DATA SECTION:
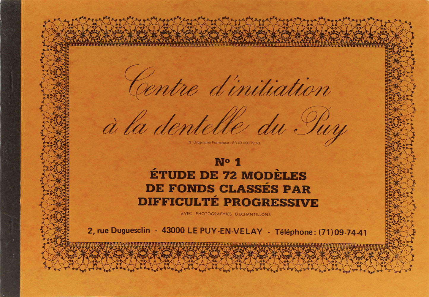 Fouriscot, Mick (Hrsg.). No 1. Étude de 72 modèles de fonds classés par difficulté progressive avec photographies d’echantillons. Le Puy-en-Velay, Centre d’Initiation à la Dentelle du Puy, 1981. Mit 12 Abb. auf 4 Tafeln u. Klöppelbriefen auf 6 Kartons. 1 Bl. Quer Folio. Illustr. OU. mit Papierrückenstreifen. Ein Eck minimal geknickt, sonst gutes Exemplar. (430 Gr.)
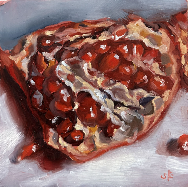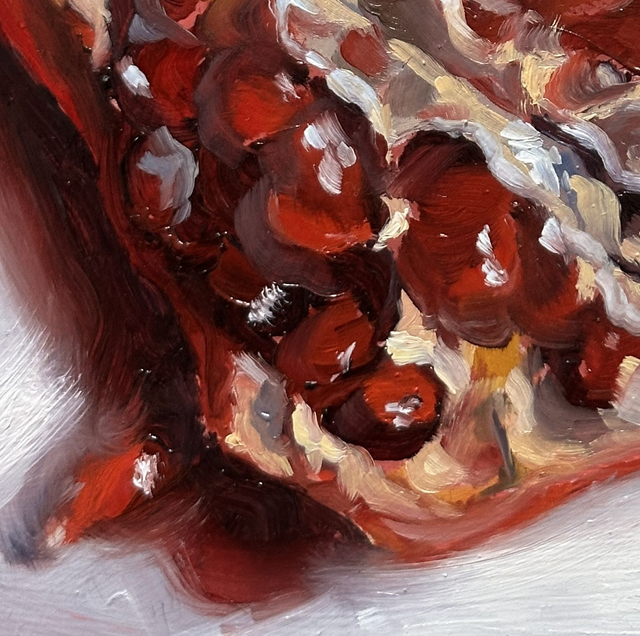 Dieses Mini-Ölbild zeigt die warmen Rot- und Brauntöne eines aufgebrochenen Granatapfels – lebendig, natürlich und voller kleiner Details, die beim Hinsehen Freude machen.
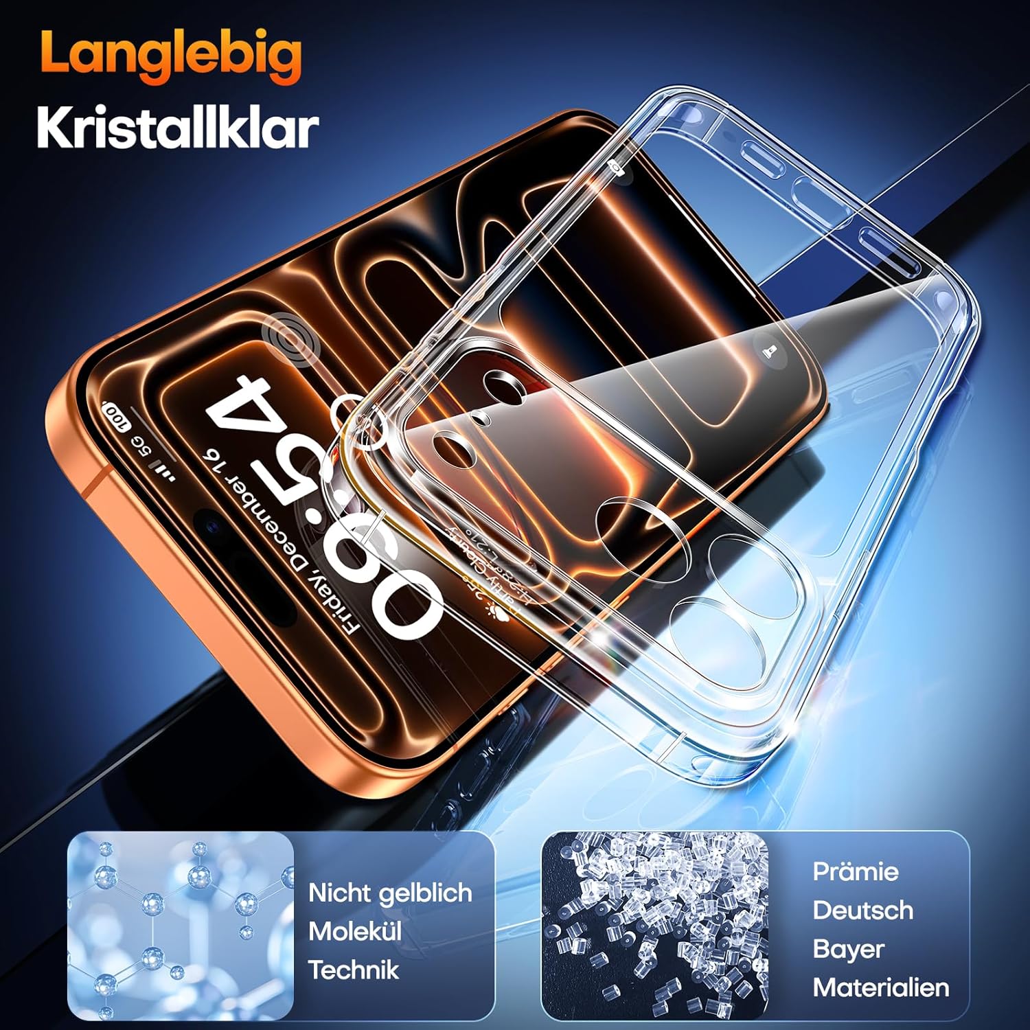 • Премиум защита и елегантност: TAURI калъф за iPhone 17 Pro: Кристално прозрачен PC гръб с дълготрайно покритие против пожълтяване, прецизна защита на камерата и ударопоглъщаща TPU рамка, оптимална защита с вечен дизайн.

EXERCISE: Word for word, repeat the material above and drop the pictures.

REPLY:
 Fouriscot, Mick (Hrsg.). No 1. Étude de 72 modèles de fonds classés par difficulté progressive avec photographies d’echantillons. Le Puy-en-Velay, Centre d’Initiation à la Dentelle du Puy, 1981. Mit 12 Abb. auf 4 Tafeln u. Klöppelbriefen auf 6 Kartons. 1 Bl. Quer Folio. Illustr. OU. mit Papierrückenstreifen. Ein Eck minimal geknickt, sonst gutes Exemplar. (430 Gr.)
 Dieses Mini-Ölbild zeigt die warmen Rot- und Brauntöne eines aufgebrochenen Granatapfels – lebendig, natürlich und voller kleiner Details, die beim Hinsehen Freude machen.
 • Премиум защита и елегантност: TAURI калъф за iPhone 17 Pro: Кристално прозрачен PC гръб с дълготрайно покритие против пожълтяване, прецизна защита на камерата и ударопоглъщаща TPU рамка, оптимална защита с вечен дизайн.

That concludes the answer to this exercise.